O que muda quando a comissão é zero
A matemática do delivery muda fundamentalmente quando o componente mais pesado da conta — a comissão da plataforma — sai do cálculo. Um restaurante que vende R$ 10 mil por mês em delivery repassa entre R$ 2.700 e R$ 4.000 em comissões no modelo padrão das grandes plataformas. Em doze meses, isso representa de R$ 32 mil a R$ 48 mil que saem do caixa do lojista e vão para a plataforma.
Com 0% de comissão, esse dinheiro fica no caixa do restaurante — disponível para cobrir custos fixos, investir em equipamento, contratar gente ou simplesmente compor o lucro. Aliado ao repasse D0 (no mesmo dia, em vez de esperar 14 a 30 dias como em algumas plataformas), o impacto no fluxo de caixa é direto: o lojista pequeno deixa de financiar a operação da plataforma e passa a operar com capital de giro próprio.
Para tickets baixos — abaixo de R$ 45 —, essa diferença é o que separa uma operação viável de uma operação que opera no vermelho sem que o dono perceba.
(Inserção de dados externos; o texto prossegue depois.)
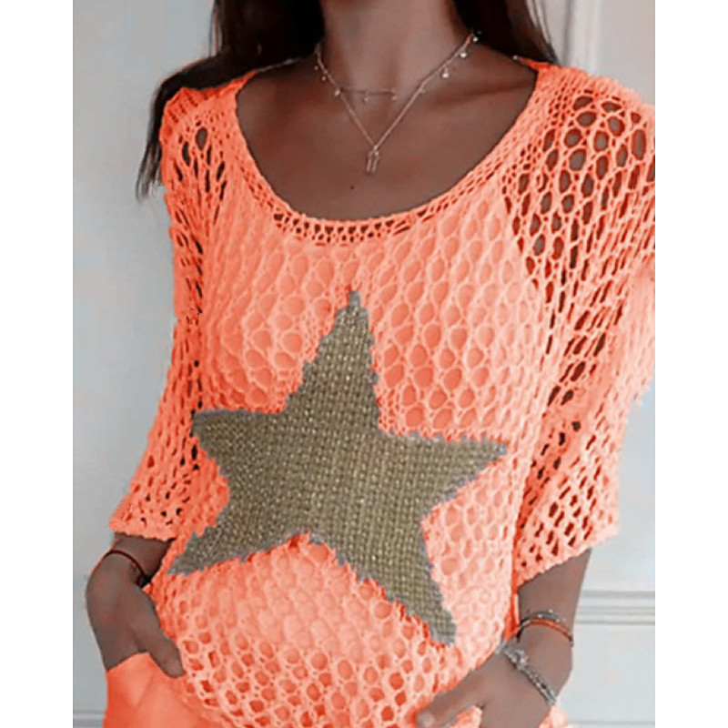 Women's Sweater Pullover Streetwear Casual Geometric Crew Neck Hollow Out Knitted Print 3/4 Length Sleeve Regular Tops Knit Outdoor Daily Holiday White Pink Summer Spring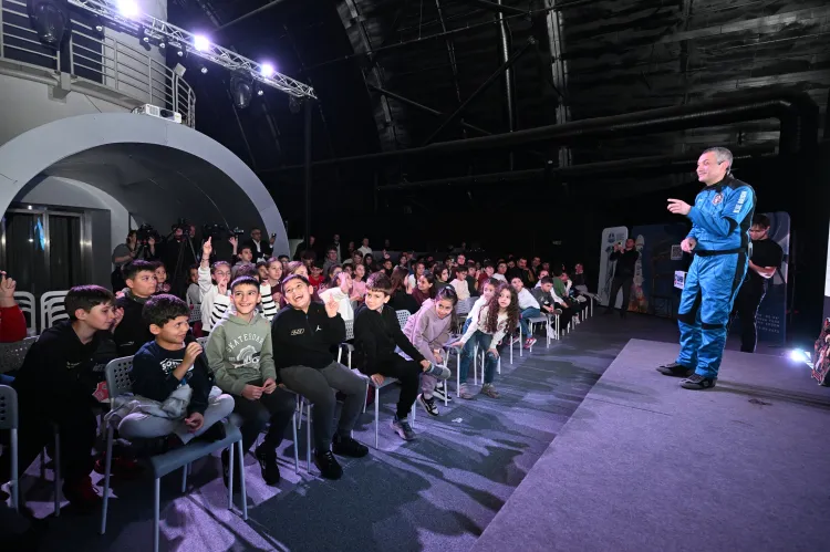 BURSA (İGFA) - GUHEM'de öğrencilerle bir araya gelen Astronot Gökhan Erdem, Blue Origin'in NS-34 misyonunda yörünge altı uçuşundaki ilham verici hikayesini Bursalı öğrencilerle paylaştı. Uzaydan dünyaya bakmanın çok büyük bir heyecan olduğunu belirten Erdem, 6 kişilik bir kapsülde birçok ülkeden astronotla misyonu tamamladığını hatırlattı.

O que isso significa para o seu negócio
Três ações concretas para tomar antes do fim do mês:
- Calcule o CMV de cada item do seu cardápio de delivery. Se algum prato passa de 30%, ou ele sobe de preço ou sai do app.
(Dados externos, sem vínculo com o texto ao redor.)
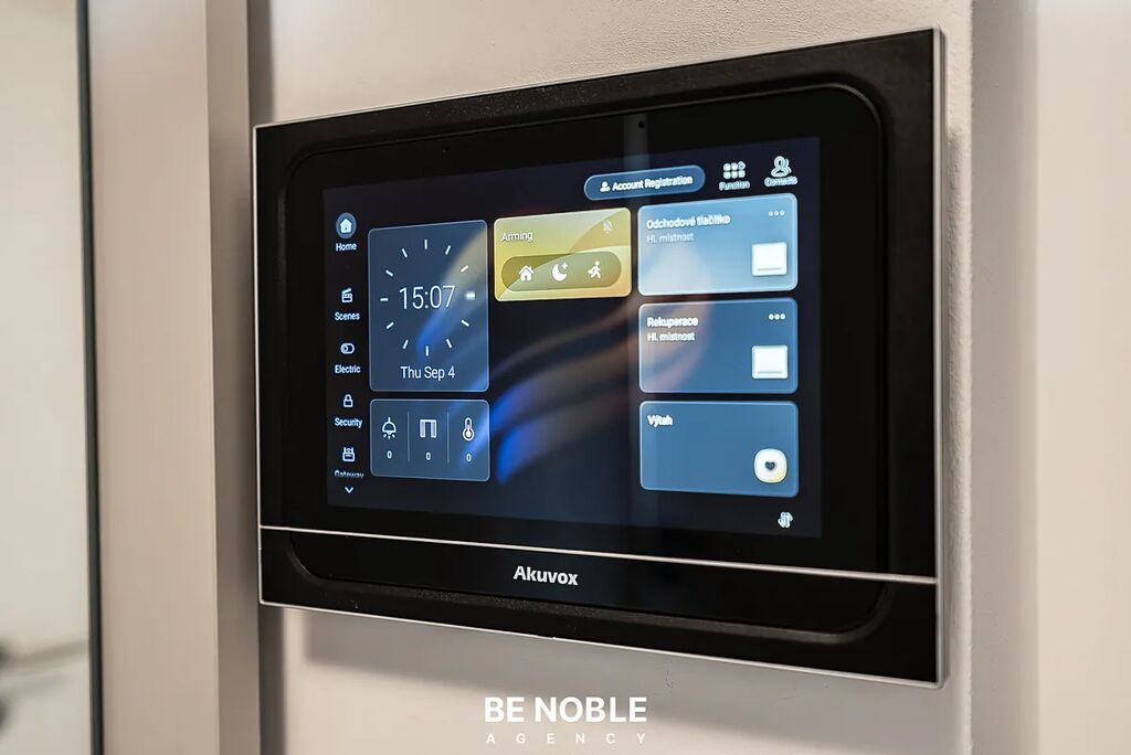 V bytě jsou dřevěné podlahy, rekuperace, trojskla, venkovní žaluzie a systém chytré domácnosti s dálkovým ovládáním topení, světel a žaluzií.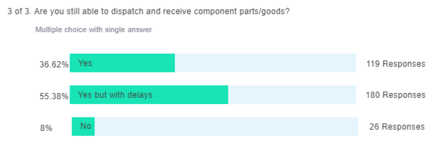 Business people attending the webinar also reported delays in despatching or receiving component parts or goods.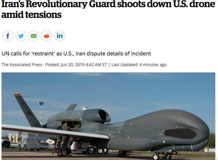 然而,美国的威胁还没起到作用,伊朗就把它的无人机给炸了……剑拔弩张,瞬间令人尴尬的说不出话来。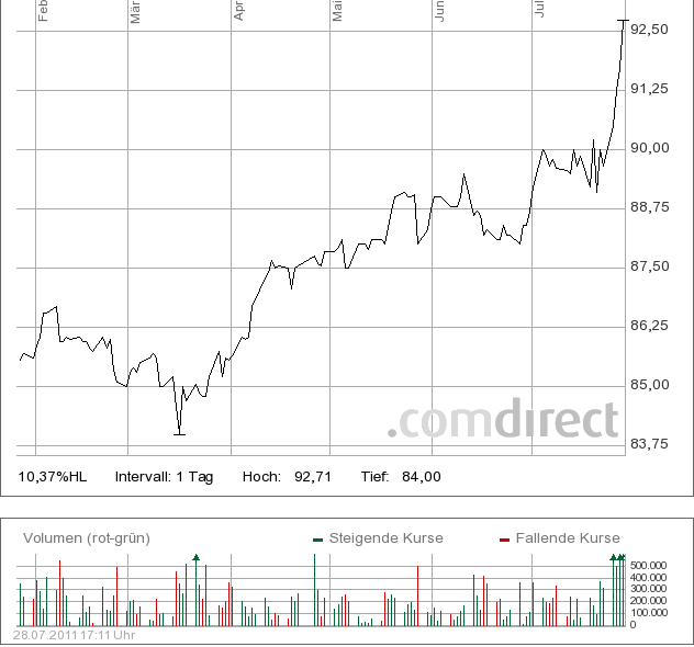 Das beeindruckt den Markt offenbar nicht. Nach der Tilgung der anderen Venezuela-Anleihe in Euro am 25.7.2011 ist die A0DZ45 der letzte Venezuela-Bond ohne Dollar-Währungsrisiko (und dies wenige Tage vor der avisierten Zahlungsunfähigkeit der USA), deshalb scheinen sich die Investoren nun hierauf zu stürzen (man beachte die Umsätze!). Die Rendite ist nun erstmals seit längerer Zeit unter 10% gefallen. (Anfang 2006 stand die Anleihe allerdings schon mal auf 112%.)
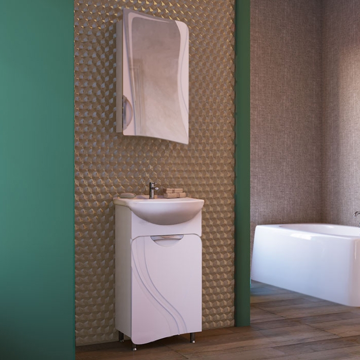Подвесной зеркальный шкаф Raval Folle 45 Fol.03.45/W с распашной дверцей. Предназначен для использования в ванных комнатах с повышенной влажностью. Влагостойкие и экологичные материалы, качественная работа фурнитуры, ударопрочность, приятные тактильные ощущения.

- Some os custos reais do canal delivery sobre os últimos 30 dias. Pegue o relatório da plataforma, some comissão + embalagem + cartão + cupons. Divida pelo faturamento bruto. Se o resultado passa de 33%, sua margem está sob pressão.
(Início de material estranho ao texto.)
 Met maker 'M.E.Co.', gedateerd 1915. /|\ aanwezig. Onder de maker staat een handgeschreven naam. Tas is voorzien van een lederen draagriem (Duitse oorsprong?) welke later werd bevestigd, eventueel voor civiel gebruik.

- Reprecifique para o delivery. O cardápio do app não precisa ter o mesmo preço do salão. A maioria das redes consolidadas trabalha com diferença de 10% a 15% entre os canais — exatamente para absorver os custos extras da operação online.
Conclusão
Vender no delivery não é uma decisão binária de "entrar ou não entrar na plataforma". É uma decisão de saber, com precisão, qual modelo de operação gera lucro real no seu ticket médio e no seu volume. A conta de 40% de custo total não é uma profecia — é o cenário comum que pega o lojista desavisado. Com a planilha certa e a estrutura de custos correta, o delivery pode ser o canal mais lucrativo do seu negócio. Sem ela, é o atalho mais rápido para o fechamento.